President Trump joked about White House Press Secretary Karoline Leavitt "doing a poor job" during remarks in the Oval Office on Tuesday, prompting a fresh round of breathless coverage from outlets desperate to manufacture internal drama where none exists.

While signing an executive order, Trump turned to the topic of his press secretary with characteristic humor. A White House official confirmed the remarks were made in jest, the Daily Mail reported. The exchange went exactly how anyone familiar with the President's style would expect. "Maybe Karoline's doing a poor job, I don't know."

He followed it up by asking the room whether they should keep her, then answered his own question. "Shall we keep her? I think we'll keep her."

That's the whole story. A boss ribbing a valued employee in front of colleagues. It happens in every workplace in America.

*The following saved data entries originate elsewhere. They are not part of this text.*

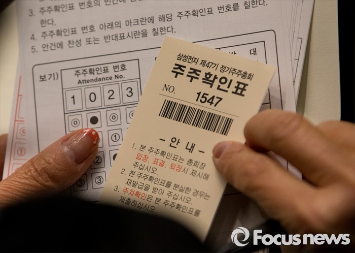 (서울=포커스뉴스) 11일 오전 서울 서초구 삼성전자 본사 다목적홀에서 열린 47기 정기주주총회에 참석한 한 주주가 주주확인표와 표결용지를 확인하고 있다.
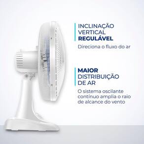 Como ele faz menos barulho, com qualquer uma das 3 velocidades, você dorme com ventinho e silêncio garantidos. Para ambientes mais amplos, você pode usar seu sistema oscilante. Já sua inclinação vertical regulável direciona o fluxo de ar para cima ou para baixo.
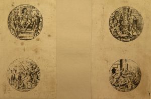 12 petites gravures, rondes (4, diam. 3,2 cm) ou ovales (8, 2,8 x 3,8 cm), sur 6 ff., vergé 9,5 x 5,5 cm; monogr. "S" pour Stephanus, cert. avec mention "cum priv. regis". Montées sur 3 ff. dans un album, 16,5 x 21,5 cm, demi-veau à coins moderne, dos lisse titré or. Nombr. ff. vierges in fine. Qqs min. souill. sinon bon ensemble.  Suite complète, état unique. Sujets mythologiques ou antiques, représentant e.a. des soldats romains devant un roi assis sur un trône, Cincinnatus et les Romains, un homme en turban combattant un basilic, Diane et ses nymphes, la jeune Atys, 2 femmes dans un temple consacré à Diane, la continence de Scipio, etc. Par le dessinateur, graveur et orfèvre français de la Renaissance E. Delaune (Orléans 1518/19-Strasbourg 1595).
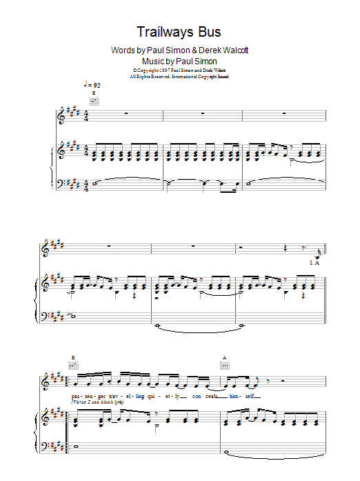 Download or print Paul Simon Trailways Bus sheet music, chords and digital score arranged for Guitar Chords/Lyrics. This Pop score includes 3 page(s).
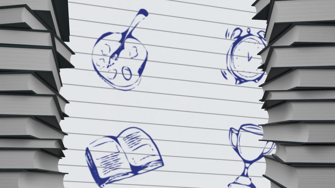 Illustrations showcasing school concept with stacks of books and sketched icons of education themes like a clock, a trophy, an open book, and a painting palette. Useful for educational articles, promotional materials for schools, e-learning programs, and creative workshops aimed at students.
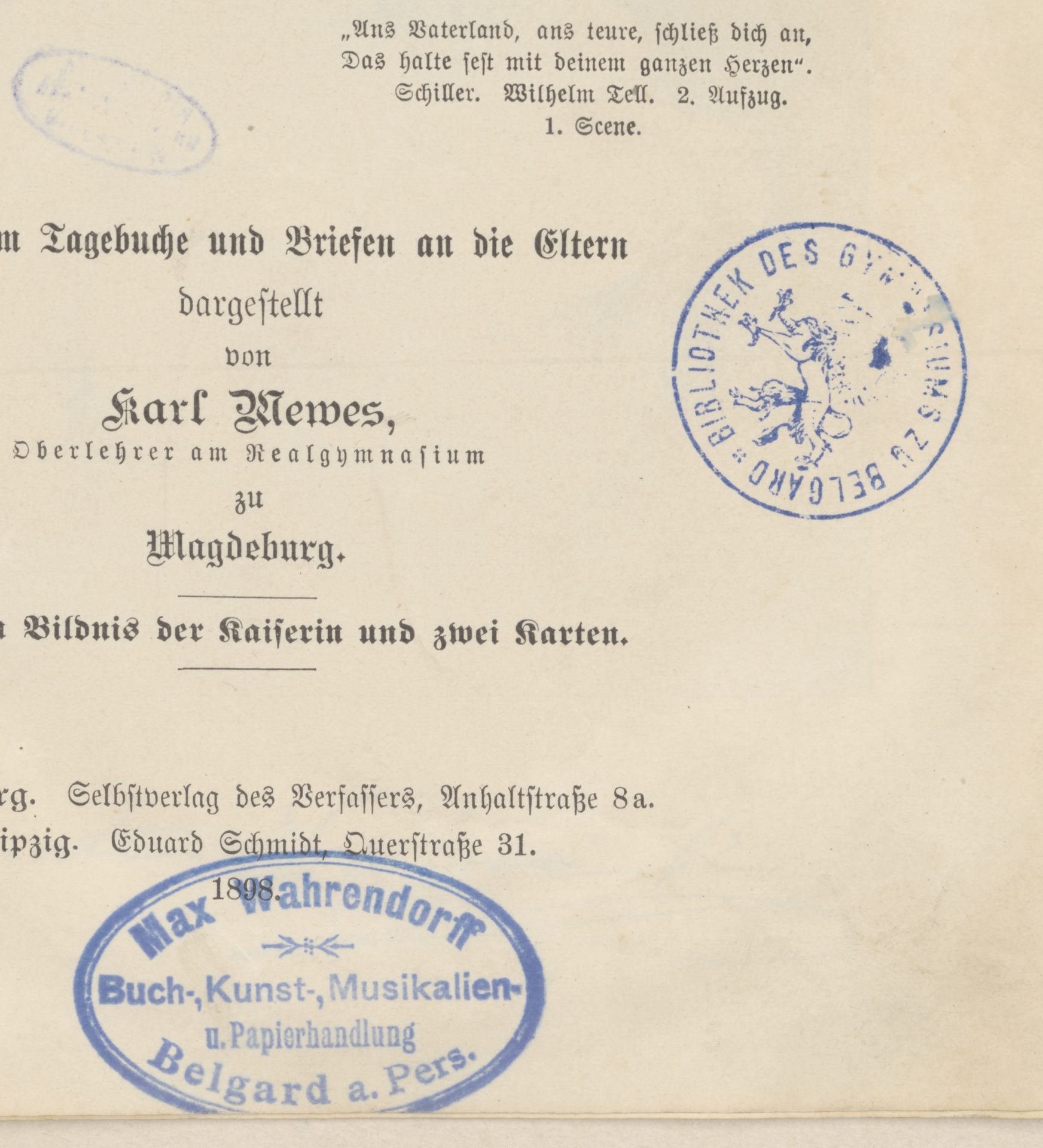 Leiden und Freuden eines kriegsfreiwilligen hallenser Studenten vom Regiment Nr 86 in den Kriegsjahren 1870-1871 - pieczątka owalna: księgarza Max Wahrendorff. Buch-Kunst-, Musikalien- u. Papierhandlung Belgard a. Pers.; pieczątka okrągła: Bibliothek des Gymnasiums zu Belgard
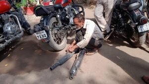 पुलिस ने बुलेट के साइलेंसर निकाले ..
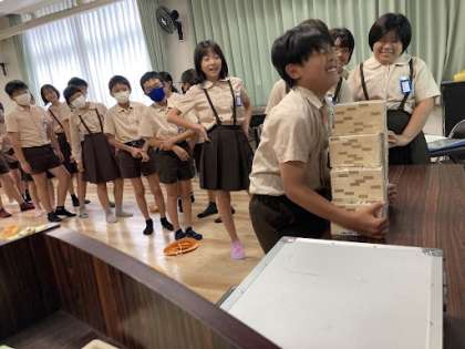 レプリカの1億円を見せてもらい大歓声が!!実際に持ち重みを感じていました。
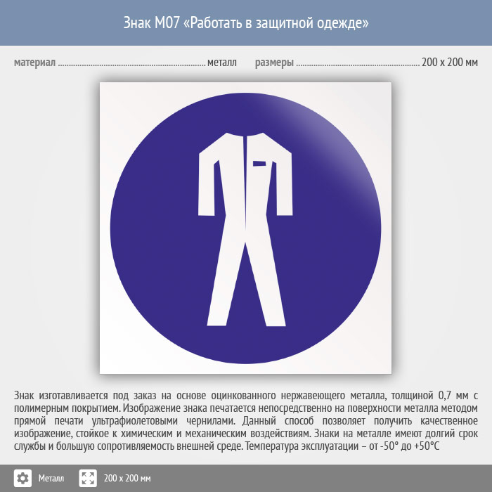 Знак M07 «Работать в защитной одежде» (металл, 200х200 мм) в Магнитогорске купить
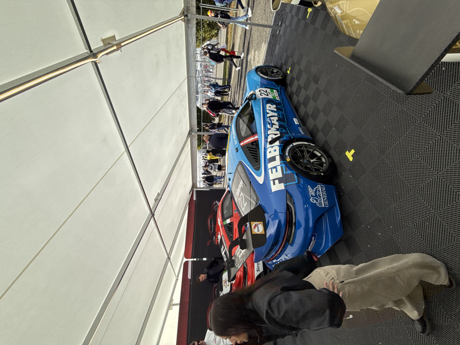 The scene depicts a semi-enclosed exhibition area at the Autodromo Nazionale Monza in Monza, Italy
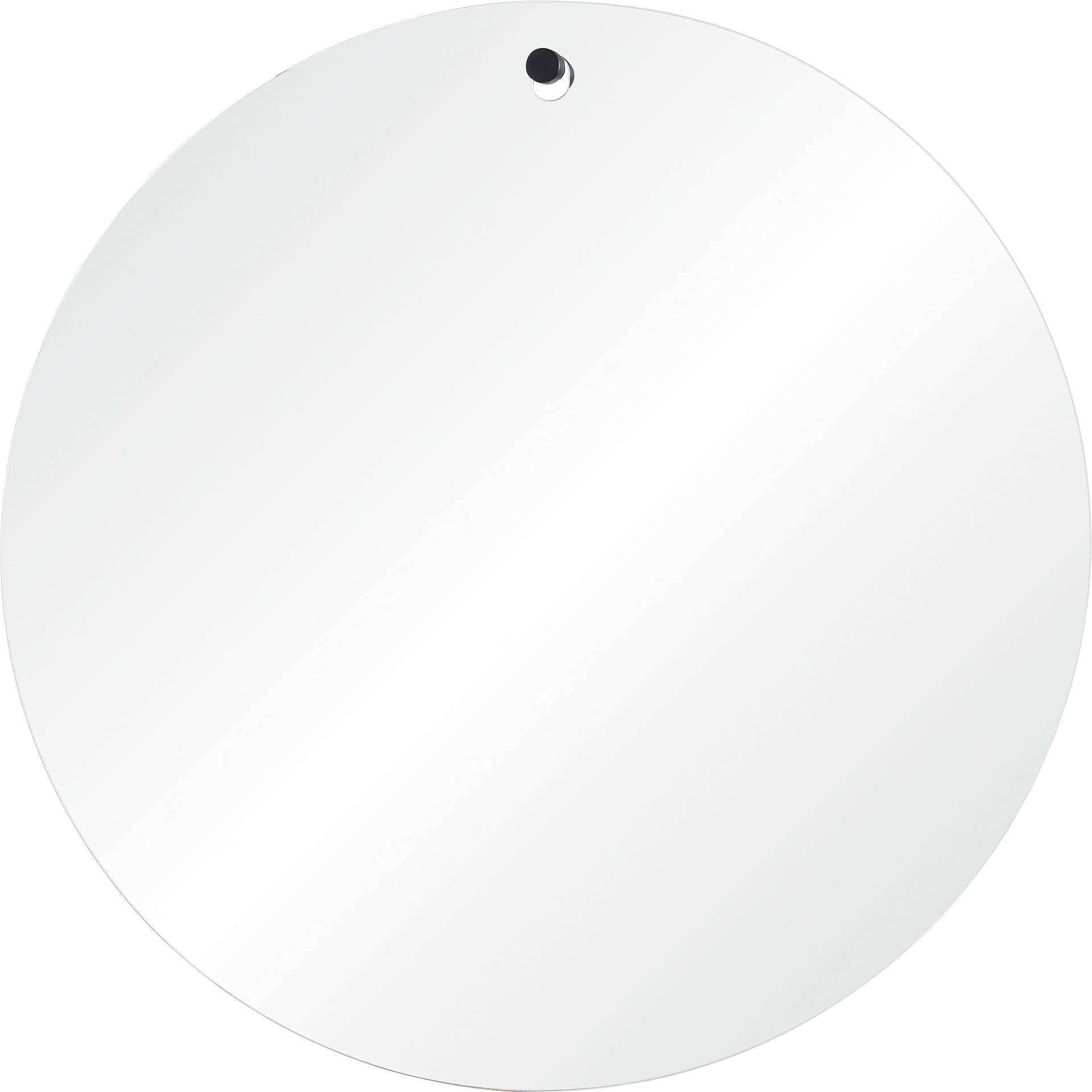 Take a moment to reflect in the all-glass design of this decorative wall mirror. The unframed silhouette makes the most of the mirror’s round shape, with small black hanging hardware that emphasizes the mirror’s shapely simplicity. Add this circular mirror to any wall in need of a modern moment.

But when Trump does it, the press treats it like a termination letter.

A pattern of praise, not punishment

The coverage conveniently buries the fuller picture of how Trump has spoken about Leavitt. Back in August, the President offered a far more representative assessment:

"She's a star, and she's great."

"I don't think anybody has ever had a better press secretary than Karoline."

He has also praised how her lips "move like a machine gun," a colorful compliment about her rapid-fire delivery at the podium. In October, he quizzed reporters about her performance during a press gaggle on Air Force One. The man clearly enjoys putting people on the spot. That's not hostility. It's how he operates.

Leavitt, 28, made history as the youngest White House Press Secretary ever when she took the role in January 2025. She is expected to go on maternity leave next month ahead of the birth of her second child, a baby girl due in May. She and her husband, Nicholas Riccio, welcomed their son, Niko, in July 2024.

The real story the headline is hiding

Trump himself pointed to the actual dynamic worth examining: he claims to receive between 93 and 97 percent negative media coverage. Whether you accept the precise figure or not, the directional reality is obvious to anyone paying attention. The press corps covering this White House is not in the business of fair coverage. It's in the business of narrative construction.

And this story is a perfect example. The original headline frames Trump's quip as though "bad publicity spirals" around Leavitt, when the joke itself is about the impossibility of managing the President's image in a media environment that has decided its conclusion before the facts arrive. Leavitt is tasked with managing that image. Trump was joking about the Sisyphean nature of the job, not threatening to end it.

This is what the media does. It takes a throwaway moment, strips it of tone and context, wraps it in ominous language, and presents it as evidence of chaos. Then, when the predicted chaos never materializes, there is no correction. Just the next manufactured crisis.

Reading the room

Conservative audiences don't need a decoder ring for this. They've watched Trump's public style for over a decade. He teases people he likes. He gives nicknames to allies and adversaries alike. He performs for the room. It's not complicated.

What is complicated, apparently, is the media's ability to distinguish between a joke and a personnel decision. Leavitt isn't going anywhere. Trump said so himself. "Never happen."

Two words. Case closed. The press just forgot to put them in the headline.